The Department of Specialty Courts launched Kentucky’s first VTC in Jefferson County in 2012 and now also has programs in Christian, Fayette and Hardin counties. In addition, the Northern Kentucky VTC serves Boone, Campbell and Kenton counties.
Eligible participants volunteer to participate in the program. They may have had an honorable discharge and do not have to qualify for services through the Veteran Benefits Administration to be eligible for VTC.
VTC combines the principles used in Drug Court and Mental Health Court to help veterans achieve stable mental health and recover from substance use disorder. The program provides court-supervised treatment as an alternative to incarceration and supports veterans with services to address the issues that contributed to their criminal behavior. These services include treatment for substance use disorder and/or mental health, connection to benefits, and help with housing, employment and education. Camaraderie with fellow veterans is also an important part of the program and volunteer mentors meet with the veterans to provide encouragement.
It takes approximately 18 months to two years to complete the VTC program, depending on the level of services needed and the progress made by the veteran. Veterans who successfully complete the program may have their charges dismissed through diversion or be granted conditional discharge through probation.
VTC programs are implemented and guided by teams of judges, Drug Court staff, veterans’ agencies, mental health and substance use disorder treatment providers, law enforcement, the legal community and community members. Team members identify veterans’ needs and connect them with services. VTC teams receive training on the state level and seek training through the Veterans Treatment Court Planning Initiative of the National Drug Court Institute. Judges volunteer their time to the program.

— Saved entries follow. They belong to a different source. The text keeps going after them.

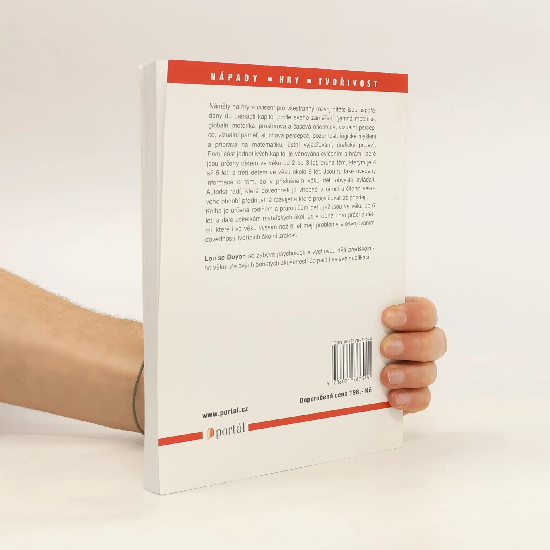 Hry pro rozvoj rozumových, smyslových a pohybových schopností a pro přípravu na školní docházku. Náměty na hry a cvičení jsou seřazeny do 15 kapitol podle oblasti, ze které si dítě osvojuje a procvičuje dovednosti (jemná motorika, globální motorika, prostorová a časová orientace, vizuální percepce, vizuální paměť, sluchová percepce, pozornost, logické myšlení a příprava na matematiku, ústní vyjadřování, grafický projev). Každá kapitola pak obsahuje tři skupiny her, a to podle věku dětí, kterým jsou hry určeny (2 až 3 roky, 4 až 5 let, okolo 6 let). Každá skupina je uvedena informací, co v daném věku děti už obvykle zvládají, a doporučením, kterým dovednostem se má dát v rámci určitého věkového období přednost a které se mají procvičovat až později. Určeno rpo děti do 6. let.
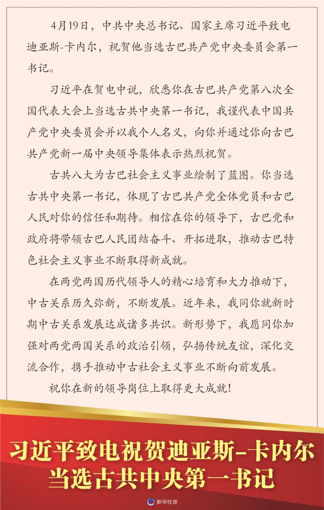 新华社北京4月20日电 4月19日,中共中央总书记、国家主席习近平致电迪亚斯-卡内尔,祝贺他当选古巴共产党中央委员会第一书记。
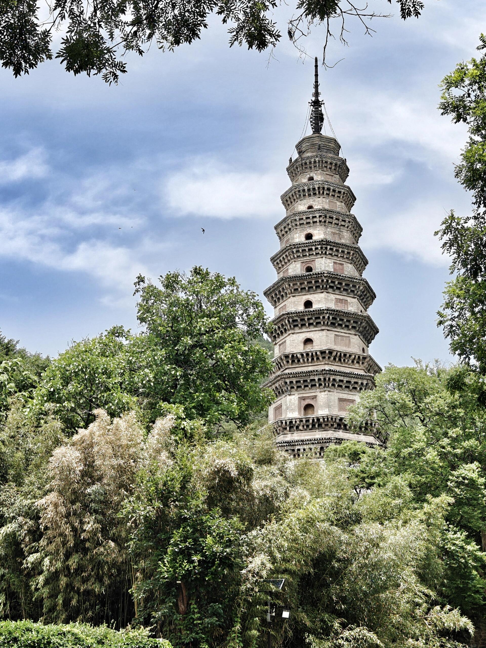 辟支塔是灵岩寺的精神坐标,这座始建于唐、重建于北宋的密檐楼阁式砖塔,是北方宋塔里少有的精致与雄浑并存的作品。塔基石刻讲述古印度阿育王皈依的故事,线条流畅,人物生动,是宋代工匠留给后世的无声讲述。塔身层层收分,挺拔却不凌厉,稳重又不失灵动,千百年来,它看着寺院兴废,看着僧来僧往,看着帝王仪仗与平民脚步,成了灵岩寺最沉默也最坚定的见证者。很多人拍照只拍外观,却很少有人愿意蹲下来细看塔基的每一幅浮雕,那些被岁月磨得温润的线条里,藏着一整个时代的信仰与审美。
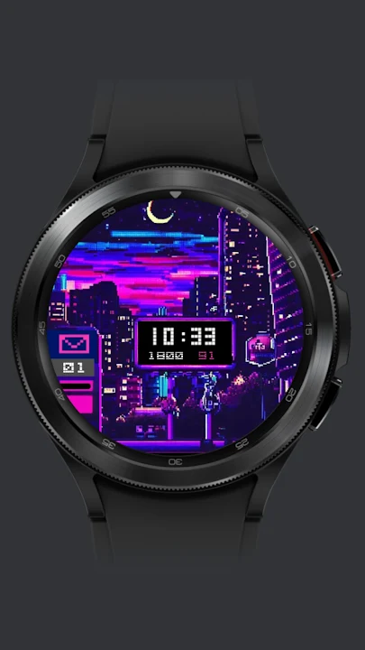 受蒸汽波启发的像素艺术风格表盘特征独特的艺术风格表盘4种不同的颜色风格心跳追踪(10 分钟更新)动画警报通知

The Department of Specialty Courts receives federal grants from the Bureau of Justice Assistance. The funding provides treatment and support services to veterans and employs case managers who work closely with Drug Court, the Veterans Health Administration and other community partners to help veterans involved with the criminal justice system.
Veterans who are interested in being considered for VTC can be referred by a judge, prosecutor, defense attorney, probation officer, pretrial officer, Veterans Justice Outreach coordinator or a VTC team member.